◆ Your goal ◆
In the material below, find the line with "Motor City General" and the line with "Baroness Doreen Lawrence". Output exactly those two lines and all lines between them, leaving out pictures.

(Source records Opens)

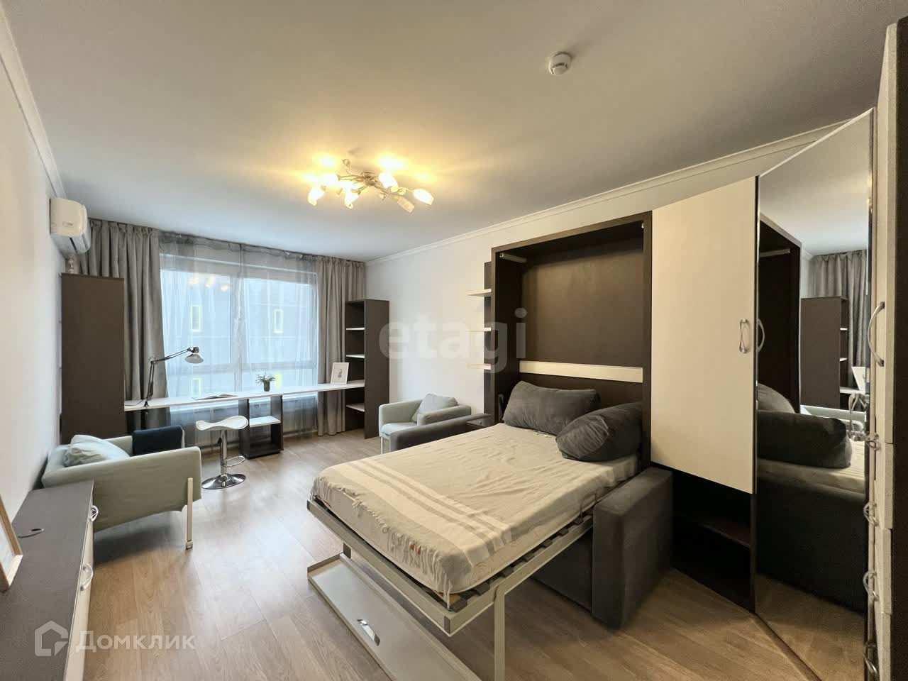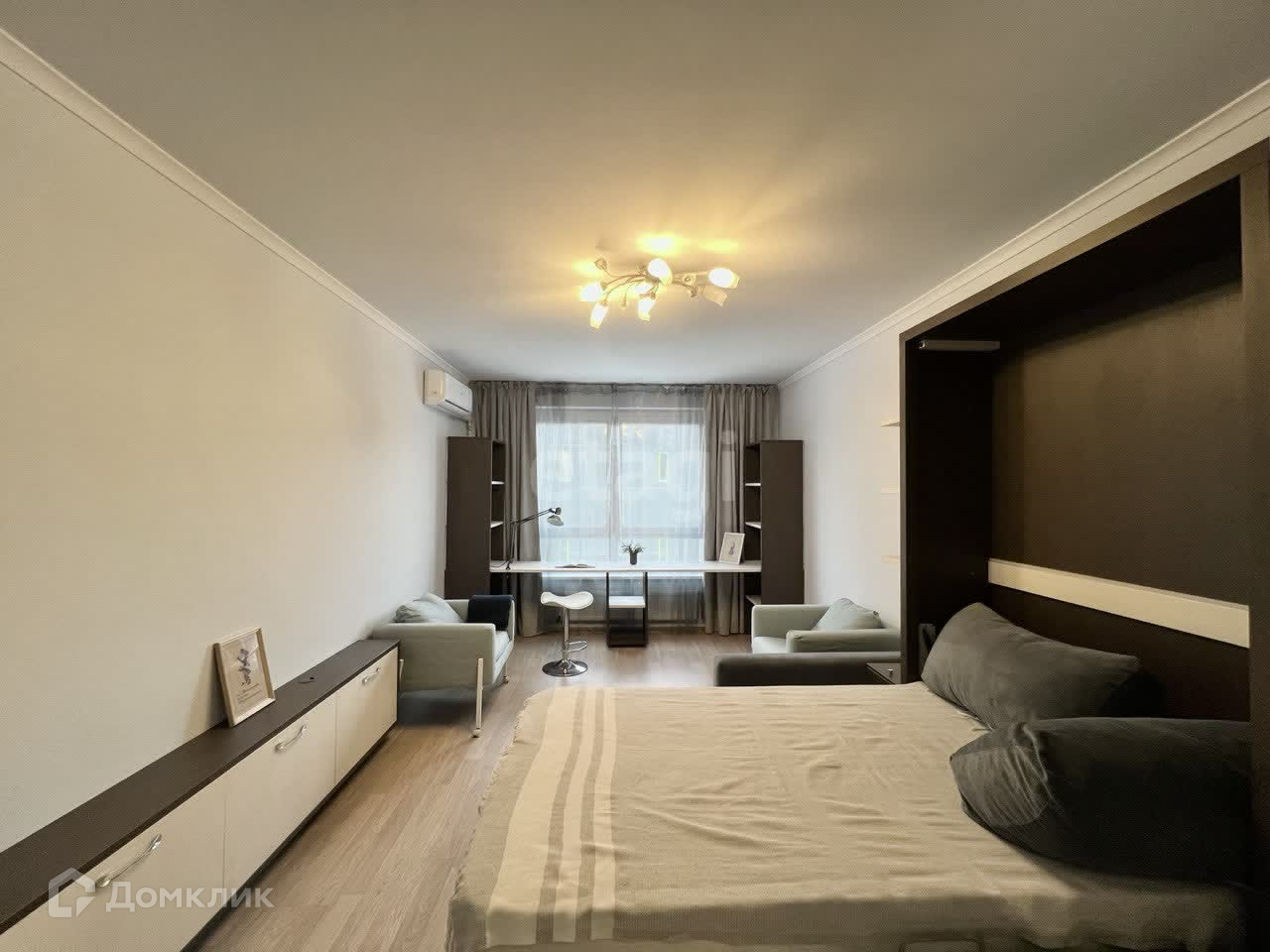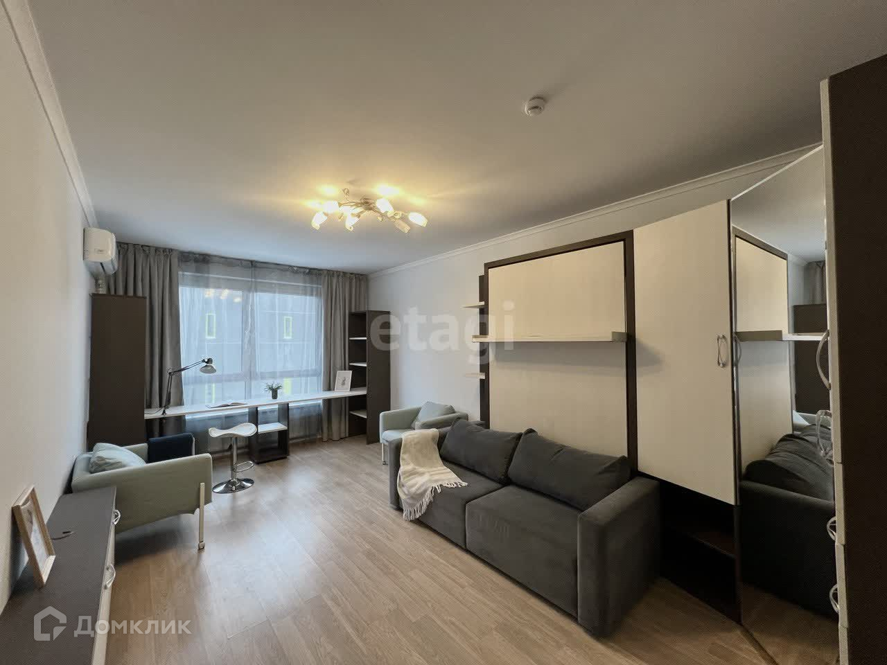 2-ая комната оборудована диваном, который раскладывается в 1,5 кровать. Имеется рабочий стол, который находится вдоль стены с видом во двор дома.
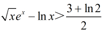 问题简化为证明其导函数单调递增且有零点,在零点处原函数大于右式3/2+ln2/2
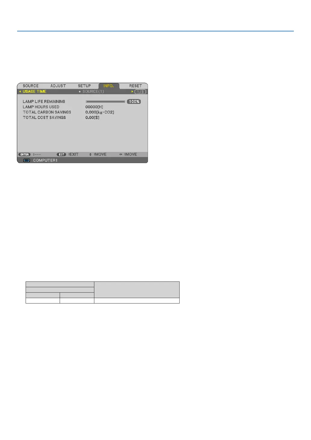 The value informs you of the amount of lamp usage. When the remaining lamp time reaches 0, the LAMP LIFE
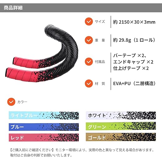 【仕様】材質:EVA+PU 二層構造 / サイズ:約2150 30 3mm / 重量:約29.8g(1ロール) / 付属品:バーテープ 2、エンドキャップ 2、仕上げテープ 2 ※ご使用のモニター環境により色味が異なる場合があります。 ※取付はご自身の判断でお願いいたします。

(Source records Closes)
(Source records Opens)

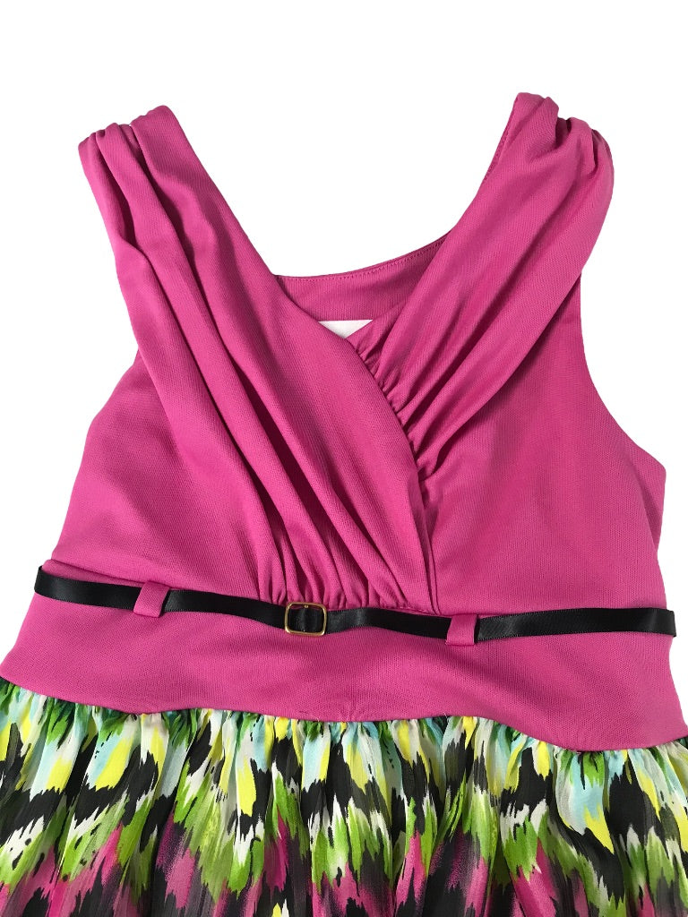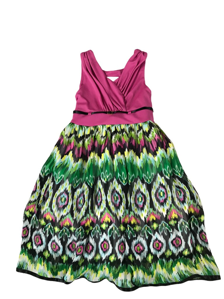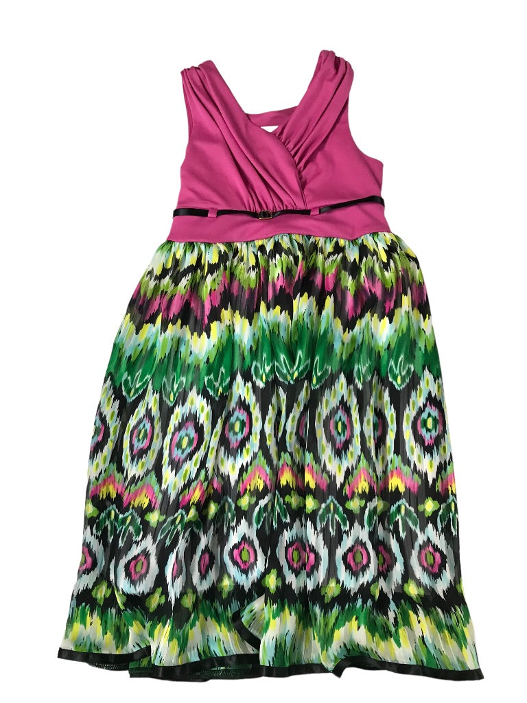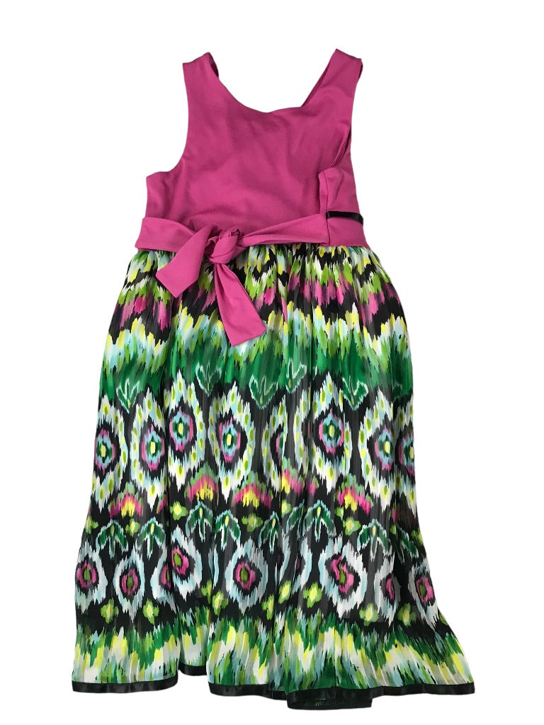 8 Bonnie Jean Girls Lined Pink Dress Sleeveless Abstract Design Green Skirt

(Source records Closes)
(Source records Opens)

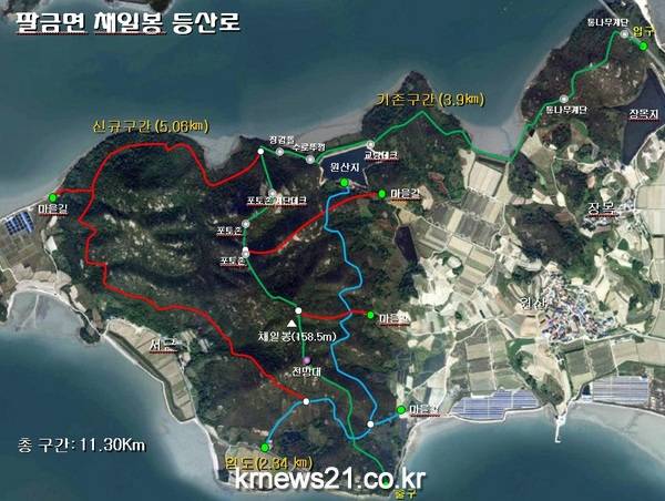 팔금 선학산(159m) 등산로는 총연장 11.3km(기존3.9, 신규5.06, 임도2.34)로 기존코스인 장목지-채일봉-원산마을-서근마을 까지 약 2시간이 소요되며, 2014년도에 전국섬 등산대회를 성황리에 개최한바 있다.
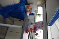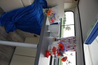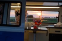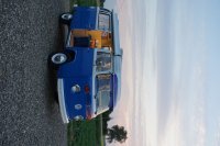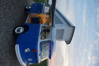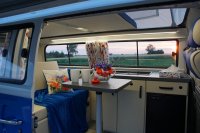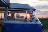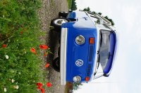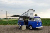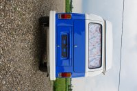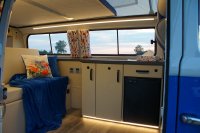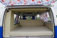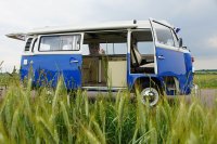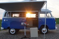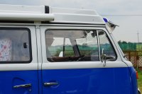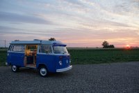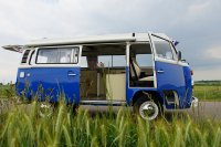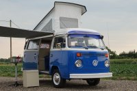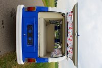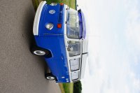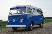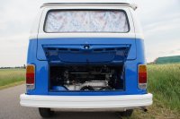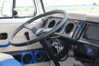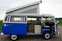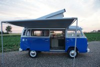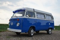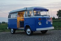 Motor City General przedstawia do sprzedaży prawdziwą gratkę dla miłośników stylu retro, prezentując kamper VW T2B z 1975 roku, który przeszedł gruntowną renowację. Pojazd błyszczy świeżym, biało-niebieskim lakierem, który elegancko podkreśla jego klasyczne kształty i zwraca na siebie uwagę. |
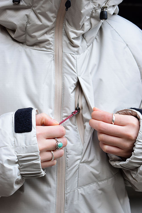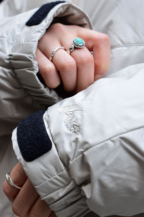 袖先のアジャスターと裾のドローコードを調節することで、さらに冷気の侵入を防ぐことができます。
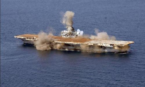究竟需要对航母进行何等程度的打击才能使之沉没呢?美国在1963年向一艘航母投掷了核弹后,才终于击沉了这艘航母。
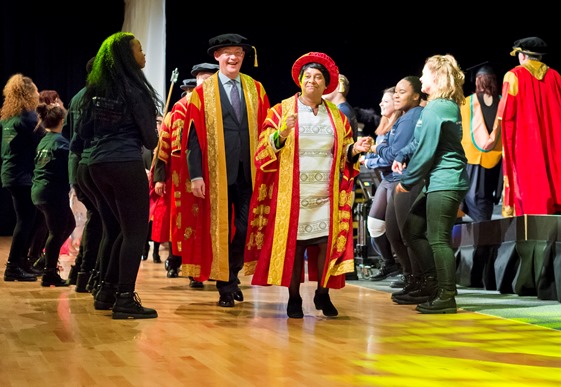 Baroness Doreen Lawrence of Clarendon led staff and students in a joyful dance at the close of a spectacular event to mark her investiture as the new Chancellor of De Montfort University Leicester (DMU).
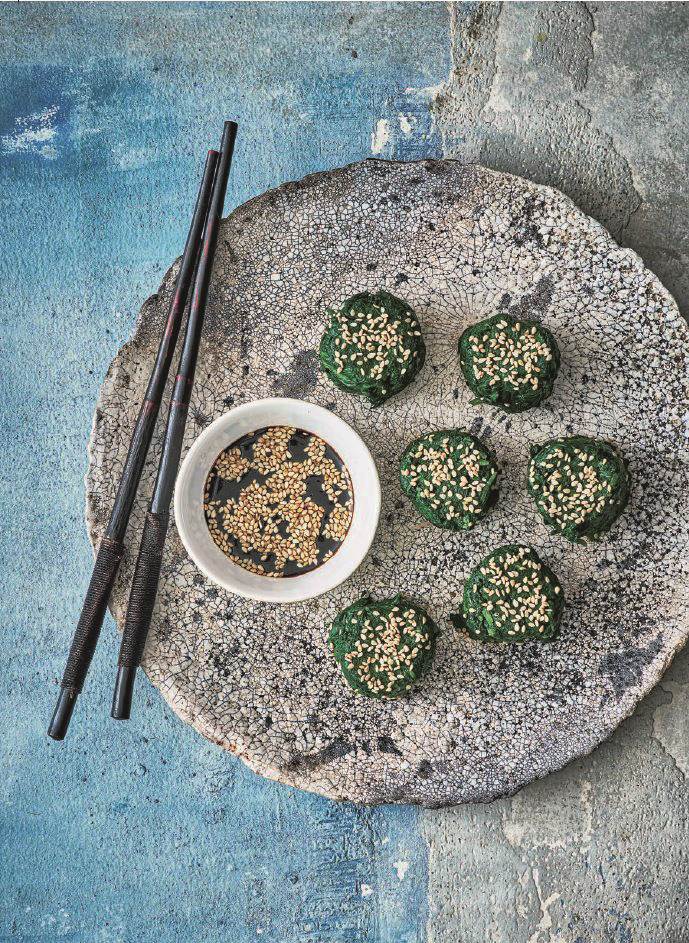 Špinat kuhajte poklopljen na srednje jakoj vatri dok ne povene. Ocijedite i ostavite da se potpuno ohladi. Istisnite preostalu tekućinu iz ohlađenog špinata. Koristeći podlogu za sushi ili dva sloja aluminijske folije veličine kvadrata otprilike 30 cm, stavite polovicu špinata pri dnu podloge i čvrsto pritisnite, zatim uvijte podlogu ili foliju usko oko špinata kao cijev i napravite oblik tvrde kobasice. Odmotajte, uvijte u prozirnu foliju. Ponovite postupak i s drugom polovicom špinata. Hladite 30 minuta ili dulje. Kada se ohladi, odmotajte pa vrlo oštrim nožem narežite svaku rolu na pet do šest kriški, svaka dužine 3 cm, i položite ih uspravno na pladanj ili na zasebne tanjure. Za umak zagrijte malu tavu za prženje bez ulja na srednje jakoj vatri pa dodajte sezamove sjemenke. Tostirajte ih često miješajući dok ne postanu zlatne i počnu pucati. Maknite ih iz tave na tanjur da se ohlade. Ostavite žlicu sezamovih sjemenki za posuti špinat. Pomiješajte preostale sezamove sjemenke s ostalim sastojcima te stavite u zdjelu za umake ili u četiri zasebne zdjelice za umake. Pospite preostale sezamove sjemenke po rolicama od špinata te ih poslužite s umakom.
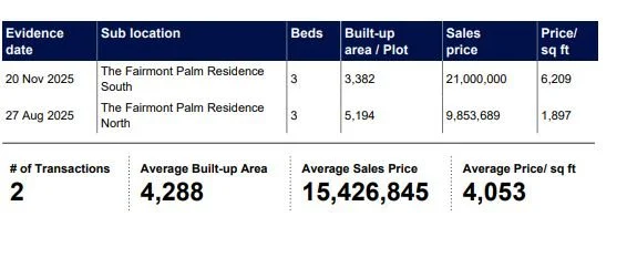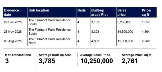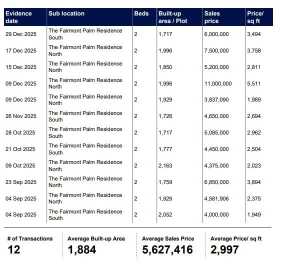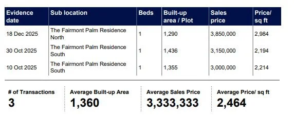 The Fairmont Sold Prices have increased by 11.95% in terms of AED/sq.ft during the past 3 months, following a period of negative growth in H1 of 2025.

(Source records Closes)

◆ Answer box ◆
 Motor City General przedstawia do sprzedaży prawdziwą gratkę dla miłośników stylu retro, prezentując kamper VW T2B z 1975 roku, który przeszedł gruntowną renowację. Pojazd błyszczy świeżym, biało-niebieskim lakierem, który elegancko podkreśla jego klasyczne kształty i zwraca na siebie uwagę. |
 袖先のアジャスターと裾のドローコードを調節することで、さらに冷気の侵入を防ぐことができます。
究竟需要对航母进行何等程度的打击才能使之沉没呢?美国在1963年向一艘航母投掷了核弹后,才终于击沉了这艘航母。
 Baroness Doreen Lawrence of Clarendon led staff and students in a joyful dance at the close of a spectacular event to mark her investiture as the new Chancellor of De Montfort University Leicester (DMU).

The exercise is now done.